# Case front panel mod



## Direct Current (Apr 8, 2005)

*hay gang, Got an old case that will do nicely to install a really nice computer into, got plenty of room for PSU, Mother Board, fans, plenty of HD/Personal HD/DVD Burner/Floppy/Card readers and so forth. 

The only real factor is fitting a new front panel to the front of the case, not not mounting or fitting Perphials, but shaping one. 

Is it possible to make one or get on made that would look as good as the computer I have plans to put in it? if so what would you suggest Guys/gals???*:wiggle2::wiggle2:

Here anoth thought I had, can you get a per made set of connections for front panel usb/1349 and other connections ready to connect to a internal mother board connections????.


----------



## JimE (Apr 16, 2009)

You can make one from about anything. I've used sheet aluminum or mesh. Then add any switches you need.

As for front panel ports, there are numerous bay type units available, for both 3.5" and 5.25" drive bays.


----------



## Wrench97 (May 10, 2008)

Something like this? > Newegg.com - Koutech IO-FPM522 All-in-one USB 2.0 5.25" Front Panel Multi-format Card Reader with USB 2.0 / eSATA / HD Audio Ports

Can you get us a picture of the case you're using?


----------



## Direct Current (Apr 8, 2005)

*Hay wrench97 and Dogg;

:wiggle2:Sure can, I will do that tomorrow after I get a few house chores done and Folks feed. I have not cmpletely gutit out yet but I will before put the camera to it. 

I already have a nice 850 PSU that will fit just right into it. With plenty of cooling venting. Got some good fans to fit and the two DVD Burners/floppy/two of the four HD's(1 TB HD each.) 

Been thinking about the fround panel znd the Negg panel would be Ideal, plus I still have some 3/8's blue transparant temped Plaxglass that I can use and old plexglass home made bender I made to shape it and mended together for what I need. 

I have all sortts of perpheral bay parts laying around the shop
One thing I kindof like to do in my project is color code thing, which makes them look good. I know fellow in the north end of state that does anodizing, so I might give him a call and have him do a few parts for me. Might have him Alidana the case black. -- Going to put some kind of handles on it, so I can carry it. 

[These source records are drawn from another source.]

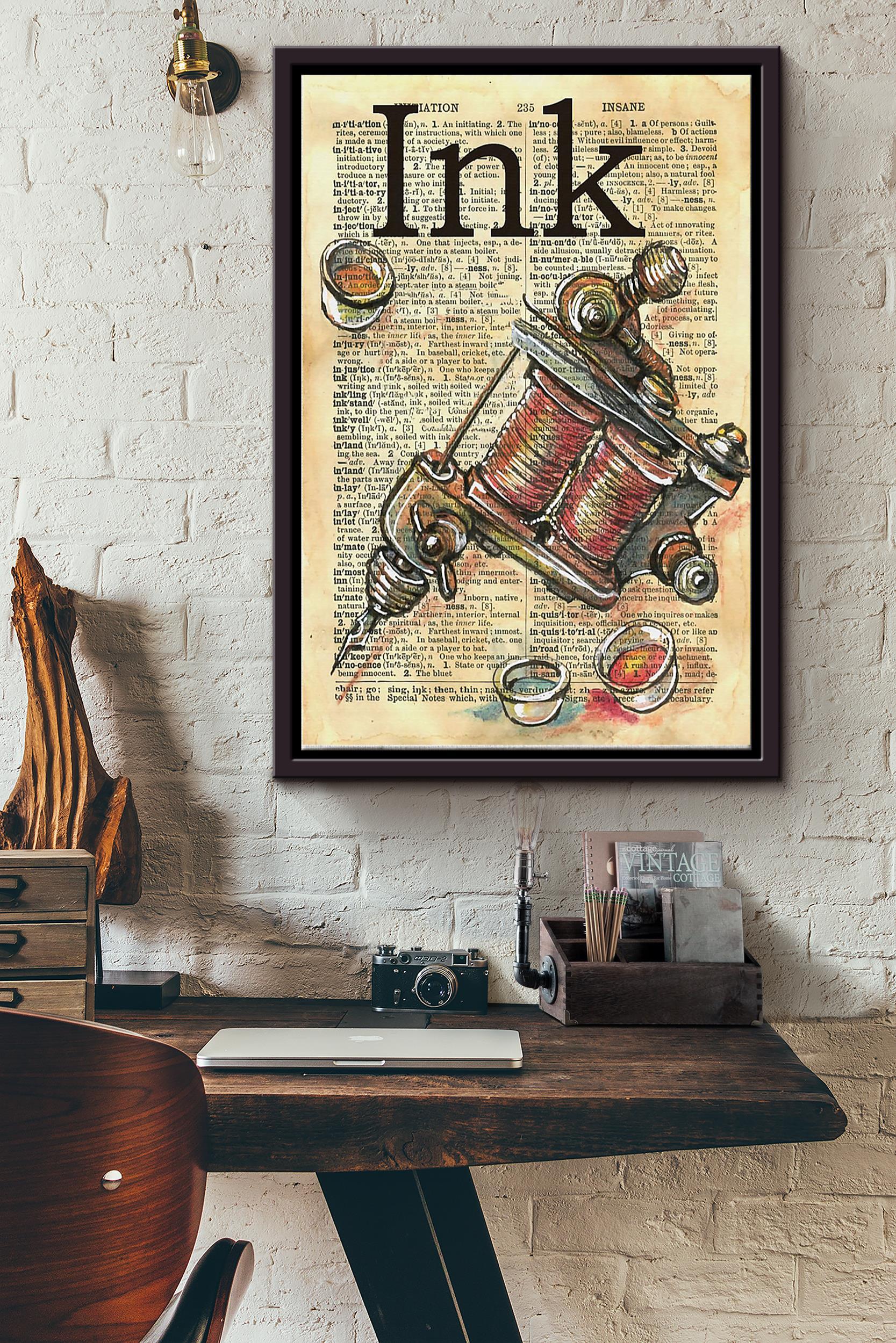 Tattoo Gun Ink Vintage Poster Framed Matte Canvas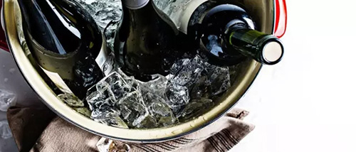 需要注意的是,许多人认为只要将葡萄酒放入冰块之中就可以降温,实际上这样冰镇的效果非常的差。在装满冰块的冰桶里倒入半桶水,可以加大葡萄酒酒瓶与冰水之间的接触面积,冰水在融化的过程中会将葡萄酒内的热量快速吸去从而达到制冷的效果。假如只有冰块和酒瓶,由于两者自己的接触面积太小,两者之间充满了空气,这样冰镇效果几乎等于零。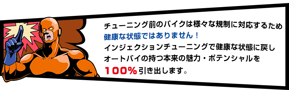 アイドル回転数を適正の数値に不要なアフターファイヤーをなくすことで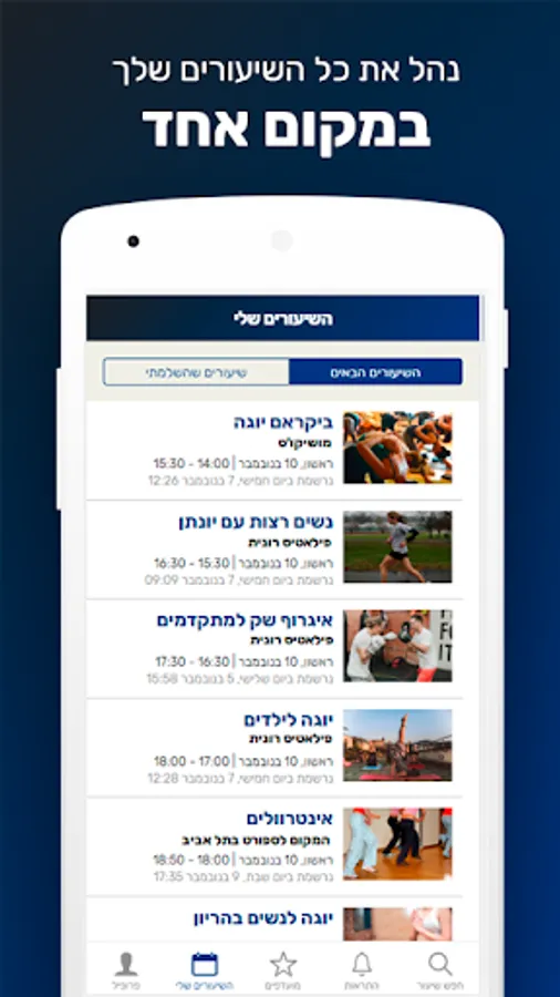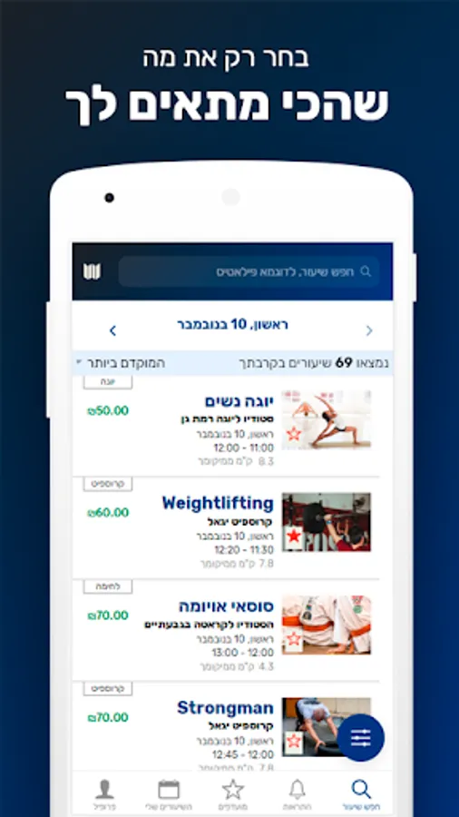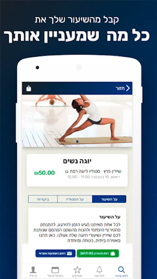 An app for sports lessons and fitness training that connects trainers with institutes and offers a wide variety of one-time paid lessons.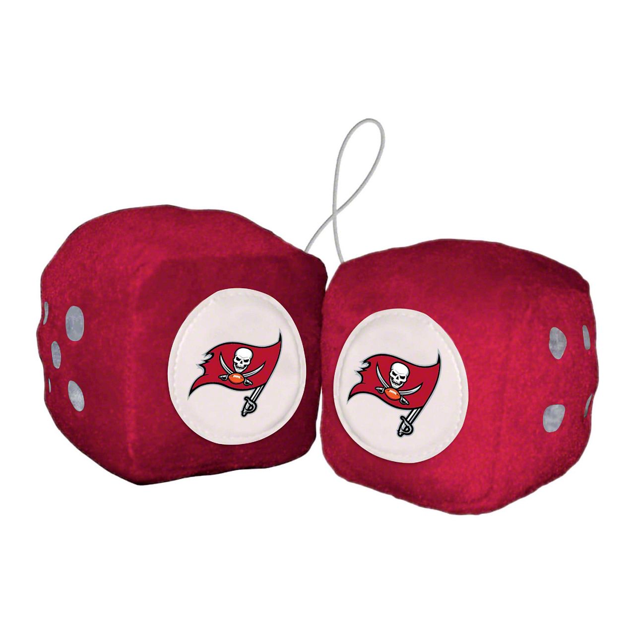 Fuzzy Dice with Tampa Bay Buccaneers Logo; Red (Universal; Some Adaptation May Be Required)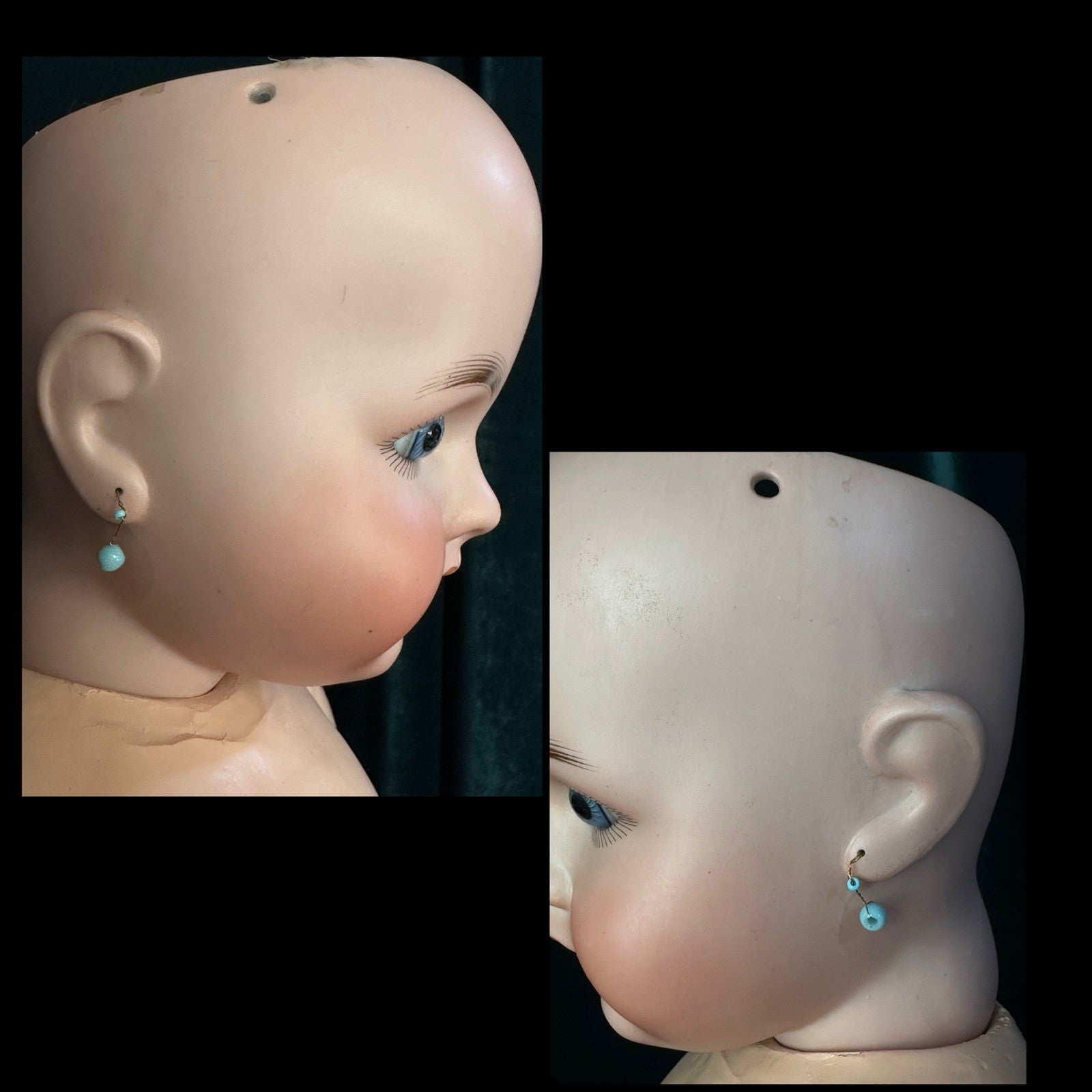 Bisque socket head, blue glass stationary eyes. Small hairline to the side of the bisque head. Painted lower and upper lashes. Open mouth with teeth. Her wig is a real human ; big to her head. Pierced ears with new earrings.

That is about as far has I ha thought about it so far. Later Gators *


----------



## GZ (Jan 31, 2010)

Hey DC, I know you are handy with your hands, do you have any experience with metalworking??? What about plastic?

Check this out... a little info and an idea.

How to Make Your Own Prototypes : How to make your own Plastic Vacuum Former


----------



## Direct Current (Apr 8, 2005)

That is an Idea. Few years ago I run into a guy thjat work with anamatronics for the hollywood effects. He gave me sample of a lot of different materials used to create to monsters, faces, and stuff. I did not thinkof it until you had given me this website. This can be interesting as well as fun. 

Another Person told me that any time I want to make my favorite SI-Fi monster in glass, he would make it for me in Blowing-Glass, I think it is time to get that Blow-Glass figure of Godzillia maded, Flaming mouth and all. 
Thank you for reminding me. 

Maybe if I am lucky I can produce a picture for you guys tomorrow.

One thing I wanted to ask, is what do you make your templated for the back where the USB/sound/keyboard/ etc etc, are??? I am talking about punching the holes for these shapes?


----------



## Direct Current (Apr 8, 2005)

Gz, I forgot to answer your question, 
Well,all most all the jobs I had I wind up building most of the test set we need to run the projects. Most anywhere I go, they would prety much give me the keys to the plant. That give me all th right tools to do the job :smile:

Speaking of which, what do you use to punch out the connectors like USB/Monitor/ sn all the various connecor shaps in the medal or plastic frontand back plates???


----------



## Wrench97 (May 10, 2008)

The rear panel is a plate that usually comes with the motherboard and fits into a plain rectangular hole in the case. The front ports either come with the case or are add on panels that fit into unused drive bays.


----------